[Stored items from a collection]
#####

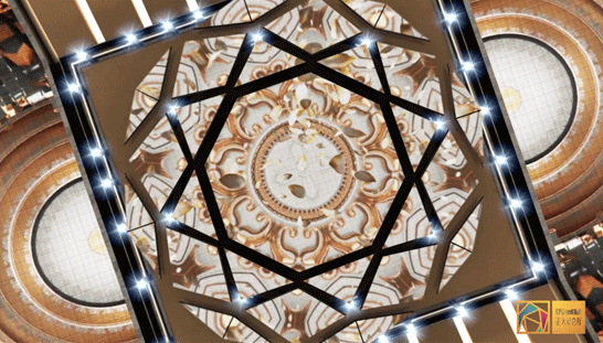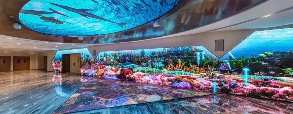 宴会厅前厅:配备了房顶、墙壁和地面融合组成的巨型交互式屏幕。使用金年会·jinnian(金子招牌)VED系列P2.5LED小间距屏幕,不仅能完美地呈现各种特效,还可结合虚拟现实技术来使用。
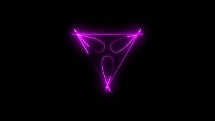 Neon ufo alien animation, rotation around vertical axis. Glowing neon  icon, looped spin. Space alien face, extraterrestrial emoji, humanoid pink colors 4k.
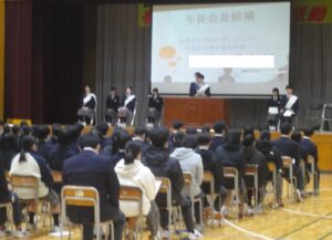 12月2日(火)午後令和8年度生徒会(銀峰会)役員選挙立会演説会が行われました。生徒会長、男女副会長、応援団長の立候補者の素晴らしさを責任者が語り、その後各候補者が目指す学校の姿や具体的な方策を堂々と述べていました。
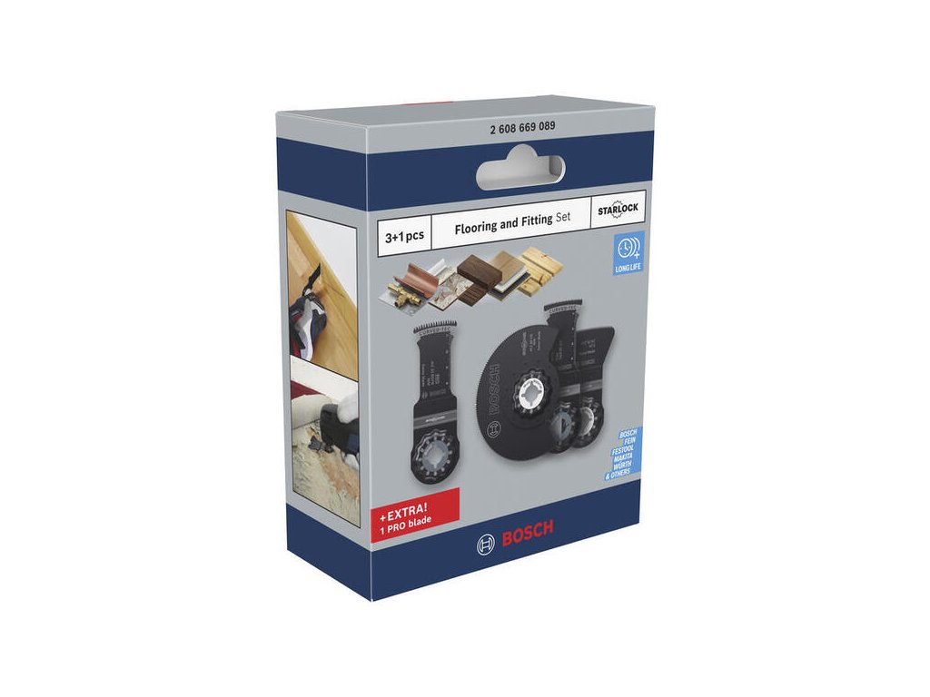 Sada na podlahové krytiny a kladenie podláh poskytuje podlahárom všetky typy čepelí do oscilačného viacúčelového náradia potrebných na rezanie všetkých štandardných podlahových materiálov a prípravu povrchov na novú podlahu. Sada na podlahové krytiny a kladenie podláh obsahuje odolné čepele do oscilačného viacúčelového náradia na rezanie dreva, laminátov a mäkkých kovov, ako aj odstraňovanie malty a lepidla na koberce z podlahových povrchov.
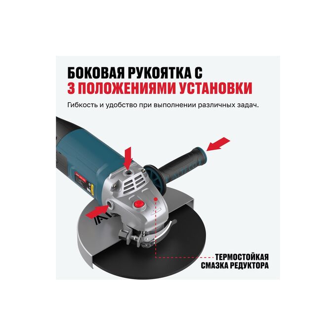 - Дополнительная рукоятка с 3 положениями установки — гибкость и удобство при выполнении различных задач
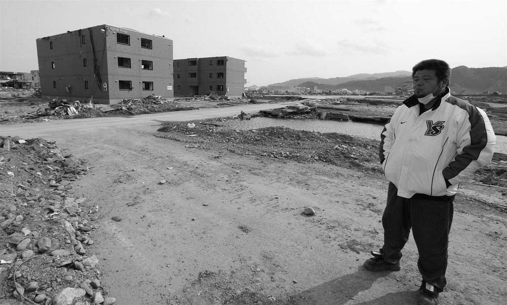 Naoki Suzuki, a truck driver, stands near the site of his home in downtown Rikuzen-Takata where his wife, Kazue, tried to ride out the tsunami as it rose above a nearby three-story apartment complex and post office. (Christopher Johnson/Special to The Washington Times)
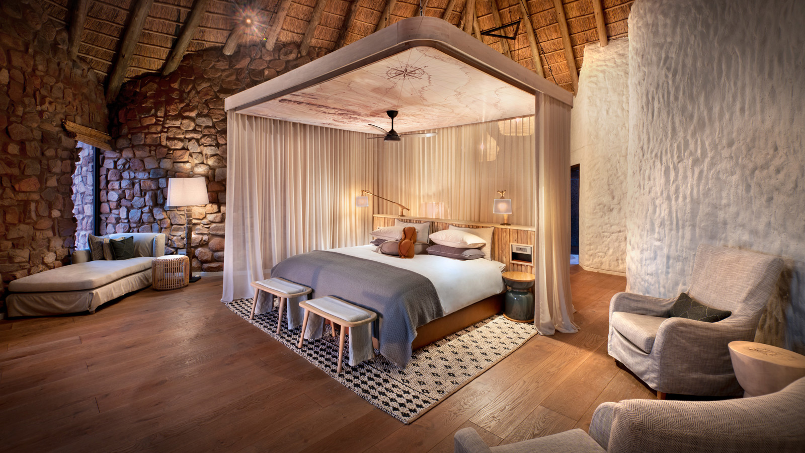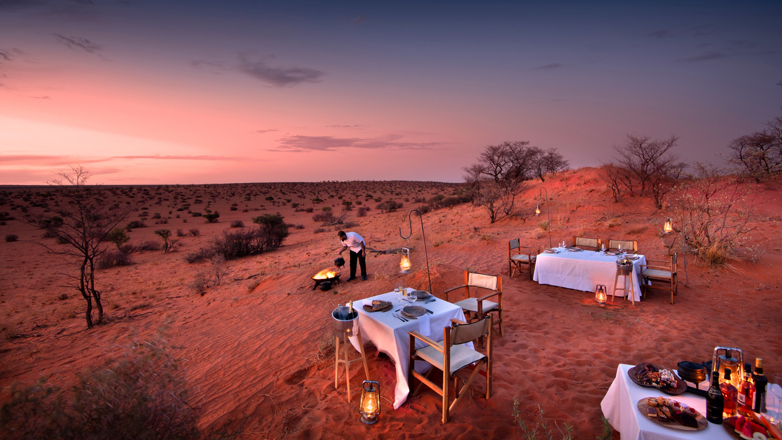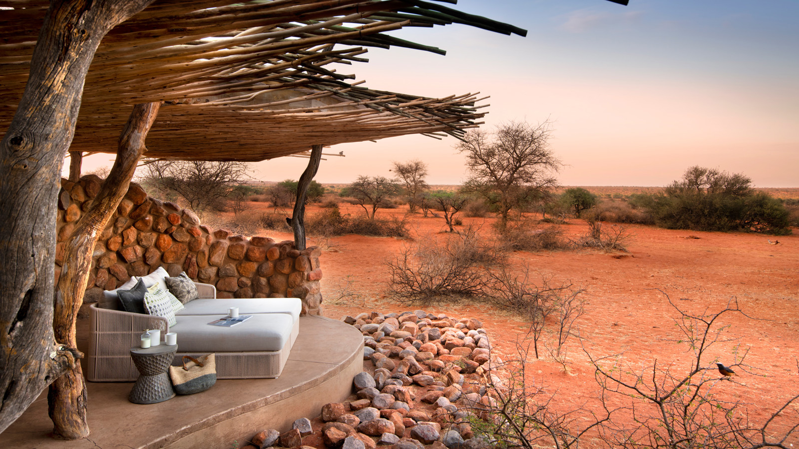 Det är detaljerna och den diskreta lyxen där inget lämnats åt slumpen som gör familjen Oppenheimers camp i det stora privatägda reservatet Tswalu Kalahari helt unikt. Campen består av tre delar; The Motse Camp, Loapi Tented Camp och Tarkuni Homestad. I Motse Camp står åtta stora, privata sviter av sten, röd lera byggt under traditionella halmtak. Här har den världsberömda inredaren Boyd Ferguson blandat afrikanska artefakter, konst och barfotalyx i en Safari Chic-blandning som fått internationella resemagasinet Condé Nast Traveller att sprida superlativ. Sviterna består av rymliga sovrum med öppen spis, privat terrass och fantastiskt badrum både inom- och utomhus. Motses vackra pool har en fantastisk utsikt över savannen och vattenhålet som kallats Afrikas eget Cipriani. Tarkuni Homestead är ägarfamiljens privata hem. Här finns en egen kock och privat safariguide för den totalt skräddarsydda upplevelsen. Fem makalösa sviter med magnifika badrum och pool gör upplevelsen privat, unik och perfekt för familj, goda vänner eller högtidsfirande. Dessutom har Tswalu ett eget sovdäck mitt ute i vildmarken för den ultimata upplevelsen av safari och av Afrika.

#####

YOUR ASSIGNMENT ▸
Pictures do not belong in the copy. Please reproduce the entries above exactly otherwise.

WRITTEN SOLUTION ▸
 宴会厅前厅:配备了房顶、墙壁和地面融合组成的巨型交互式屏幕。使用金年会·jinnian(金子招牌)VED系列P2.5LED小间距屏幕,不仅能完美地呈现各种特效,还可结合虚拟现实技术来使用。
 Neon ufo alien animation, rotation around vertical axis. Glowing neon  icon, looped spin. Space alien face, extraterrestrial emoji, humanoid pink colors 4k.
 12月2日(火)午後令和8年度生徒会(銀峰会)役員選挙立会演説会が行われました。生徒会長、男女副会長、応援団長の立候補者の素晴らしさを責任者が語り、その後各候補者が目指す学校の姿や具体的な方策を堂々と述べていました。
 Sada na podlahové krytiny a kladenie podláh poskytuje podlahárom všetky typy čepelí do oscilačného viacúčelového náradia potrebných na rezanie všetkých štandardných podlahových materiálov a prípravu povrchov na novú podlahu. Sada na podlahové krytiny a kladenie podláh obsahuje odolné čepele do oscilačného viacúčelového náradia na rezanie dreva, laminátov a mäkkých kovov, ako aj odstraňovanie malty a lepidla na koberce z podlahových povrchov.
 - Дополнительная рукоятка с 3 положениями установки — гибкость и удобство при выполнении различных задач
 Naoki Suzuki, a truck driver, stands near the site of his home in downtown Rikuzen-Takata where his wife, Kazue, tried to ride out the tsunami as it rose above a nearby three-story apartment complex and post office. (Christopher Johnson/Special to The Washington Times)
 Det är detaljerna och den diskreta lyxen där inget lämnats åt slumpen som gör familjen Oppenheimers camp i det stora privatägda reservatet Tswalu Kalahari helt unikt. Campen består av tre delar; The Motse Camp, Loapi Tented Camp och Tarkuni Homestad. I Motse Camp står åtta stora, privata sviter av sten, röd lera byggt under traditionella halmtak. Här har den världsberömda inredaren Boyd Ferguson blandat afrikanska artefakter, konst och barfotalyx i en Safari Chic-blandning som fått internationella resemagasinet Condé Nast Traveller att sprida superlativ. Sviterna består av rymliga sovrum med öppen spis, privat terrass och fantastiskt badrum både inom- och utomhus. Motses vackra pool har en fantastisk utsikt över savannen och vattenhålet som kallats Afrikas eget Cipriani. Tarkuni Homestead är ägarfamiljens privata hem. Här finns en egen kock och privat safariguide för den totalt skräddarsydda upplevelsen. Fem makalösa sviter med magnifika badrum och pool gör upplevelsen privat, unik och perfekt för familj, goda vänner eller högtidsfirande. Dessutom har Tswalu ett eget sovdäck mitt ute i vildmarken för den ultimata upplevelsen av safari och av Afrika.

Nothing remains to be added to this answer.